___ Data extract
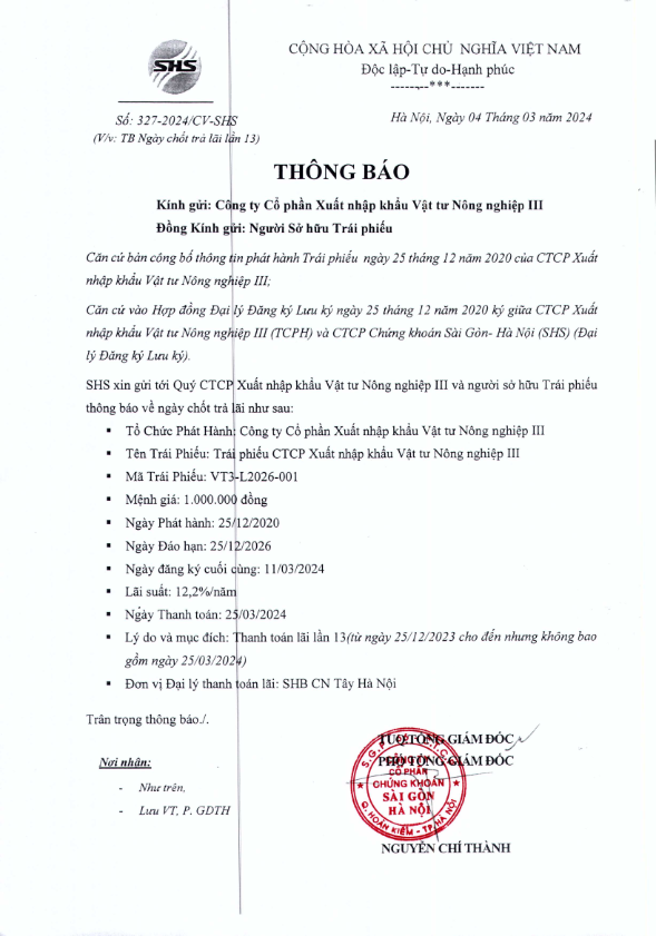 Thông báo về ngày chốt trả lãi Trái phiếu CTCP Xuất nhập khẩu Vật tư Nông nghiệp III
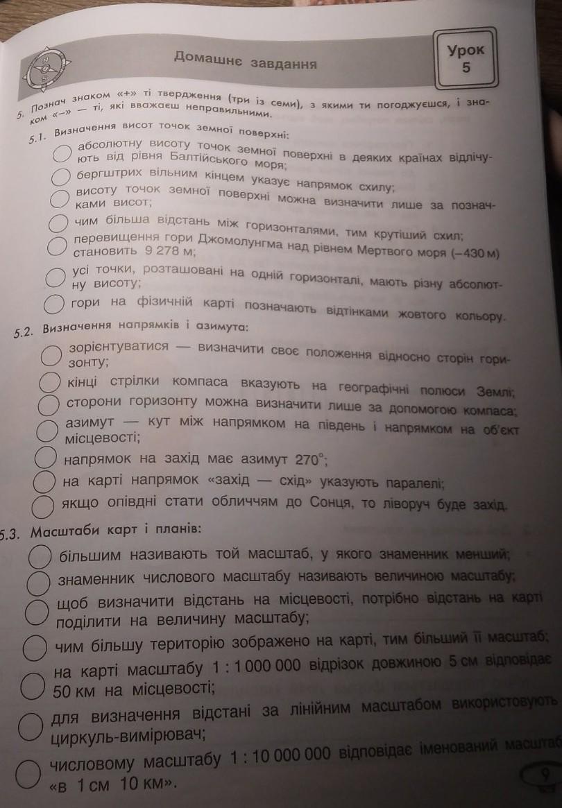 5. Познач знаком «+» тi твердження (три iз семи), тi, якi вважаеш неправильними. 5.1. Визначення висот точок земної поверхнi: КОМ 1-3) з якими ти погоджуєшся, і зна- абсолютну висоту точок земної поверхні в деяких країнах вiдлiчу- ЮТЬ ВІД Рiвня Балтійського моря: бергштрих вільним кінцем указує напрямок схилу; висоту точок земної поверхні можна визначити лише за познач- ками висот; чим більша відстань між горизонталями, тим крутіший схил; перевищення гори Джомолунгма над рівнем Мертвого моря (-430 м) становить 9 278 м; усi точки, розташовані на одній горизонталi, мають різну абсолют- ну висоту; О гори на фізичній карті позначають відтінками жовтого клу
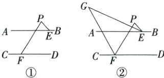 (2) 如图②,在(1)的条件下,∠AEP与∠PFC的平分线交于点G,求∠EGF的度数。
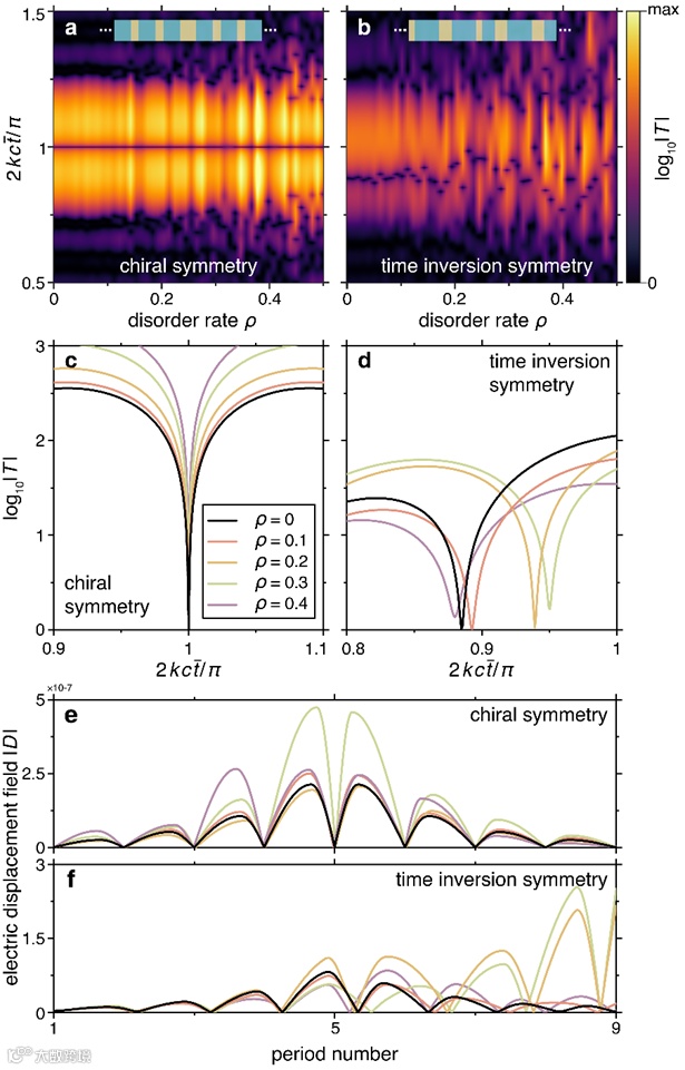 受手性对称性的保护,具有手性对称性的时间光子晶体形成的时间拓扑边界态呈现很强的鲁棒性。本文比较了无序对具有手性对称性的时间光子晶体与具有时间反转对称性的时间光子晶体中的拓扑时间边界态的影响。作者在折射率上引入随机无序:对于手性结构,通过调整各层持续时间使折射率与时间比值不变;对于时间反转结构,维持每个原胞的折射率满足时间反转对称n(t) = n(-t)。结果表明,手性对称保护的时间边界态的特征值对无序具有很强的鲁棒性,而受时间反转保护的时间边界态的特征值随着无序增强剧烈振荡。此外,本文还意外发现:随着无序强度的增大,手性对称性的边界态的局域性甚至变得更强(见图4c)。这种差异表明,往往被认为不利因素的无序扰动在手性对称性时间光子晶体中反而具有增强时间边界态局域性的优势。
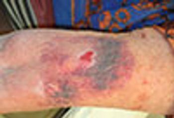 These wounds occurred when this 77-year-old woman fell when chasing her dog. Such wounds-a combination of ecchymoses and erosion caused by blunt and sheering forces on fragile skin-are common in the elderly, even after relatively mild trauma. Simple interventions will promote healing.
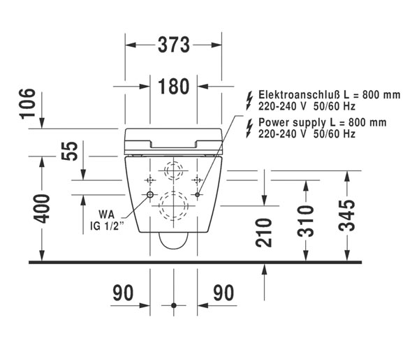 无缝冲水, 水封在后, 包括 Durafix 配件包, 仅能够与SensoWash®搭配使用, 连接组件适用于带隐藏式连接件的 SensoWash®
______
___ Data extract
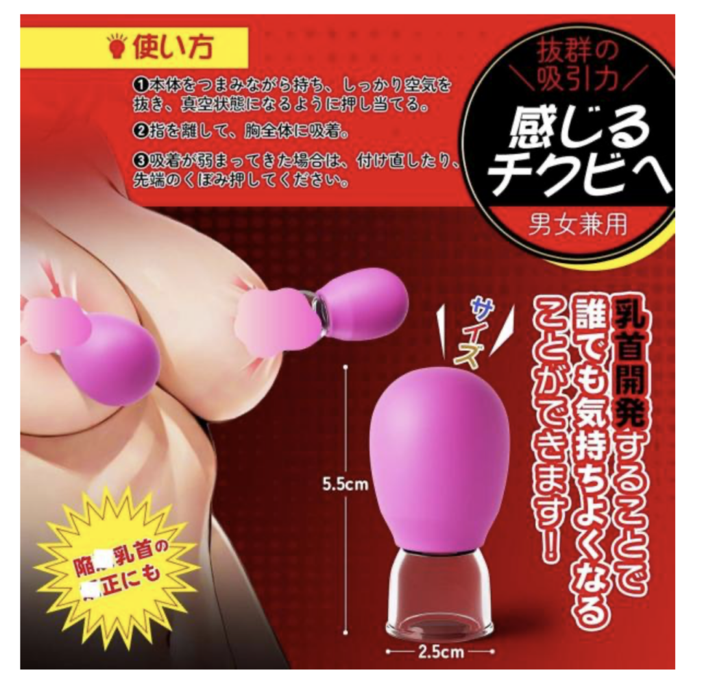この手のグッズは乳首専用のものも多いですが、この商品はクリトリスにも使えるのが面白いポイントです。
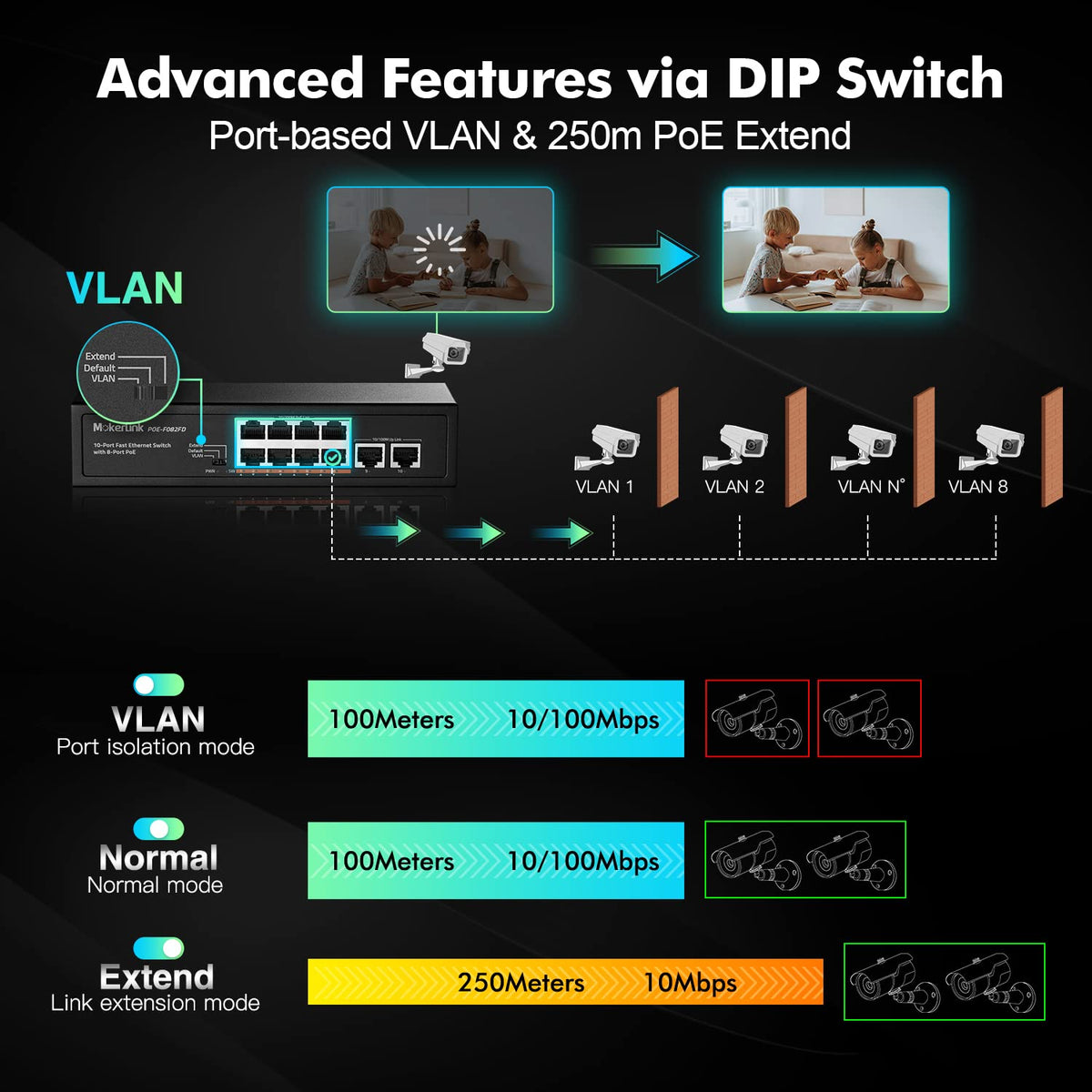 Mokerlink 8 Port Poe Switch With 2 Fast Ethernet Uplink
______
# The task
Pictures aside, return exactly the lines from the data above, starting at the line that has "Thông báo về" and ending at the line that has "无缝冲水, 水封在后, 包括", both included.

# Solution to this problem
 Thông báo về ngày chốt trả lãi Trái phiếu CTCP Xuất nhập khẩu Vật tư Nông nghiệp III
 5. Познач знаком «+» тi твердження (три iз семи), тi, якi вважаеш неправильними. 5.1. Визначення висот точок земної поверхнi: КОМ 1-3) з якими ти погоджуєшся, і зна- абсолютну висоту точок земної поверхні в деяких країнах вiдлiчу- ЮТЬ ВІД Рiвня Балтійського моря: бергштрих вільним кінцем указує напрямок схилу; висоту точок земної поверхні можна визначити лише за познач- ками висот; чим більша відстань між горизонталями, тим крутіший схил; перевищення гори Джомолунгма над рівнем Мертвого моря (-430 м) становить 9 278 м; усi точки, розташовані на одній горизонталi, мають різну абсолют- ну висоту; О гори на фізичній карті позначають відтінками жовтого клу
 (2) 如图②,在(1)的条件下,∠AEP与∠PFC的平分线交于点G,求∠EGF的度数。
 受手性对称性的保护,具有手性对称性的时间光子晶体形成的时间拓扑边界态呈现很强的鲁棒性。本文比较了无序对具有手性对称性的时间光子晶体与具有时间反转对称性的时间光子晶体中的拓扑时间边界态的影响。作者在折射率上引入随机无序:对于手性结构,通过调整各层持续时间使折射率与时间比值不变;对于时间反转结构,维持每个原胞的折射率满足时间反转对称n(t) = n(-t)。结果表明,手性对称保护的时间边界态的特征值对无序具有很强的鲁棒性,而受时间反转保护的时间边界态的特征值随着无序增强剧烈振荡。此外,本文还意外发现:随着无序强度的增大,手性对称性的边界态的局域性甚至变得更强(见图4c)。这种差异表明,往往被认为不利因素的无序扰动在手性对称性时间光子晶体中反而具有增强时间边界态局域性的优势。
 These wounds occurred when this 77-year-old woman fell when chasing her dog. Such wounds-a combination of ecchymoses and erosion caused by blunt and sheering forces on fragile skin-are common in the elderly, even after relatively mild trauma. Simple interventions will promote healing.
 无缝冲水, 水封在后, 包括 Durafix 配件包, 仅能够与SensoWash®搭配使用, 连接组件适用于带隐藏式连接件的 SensoWash®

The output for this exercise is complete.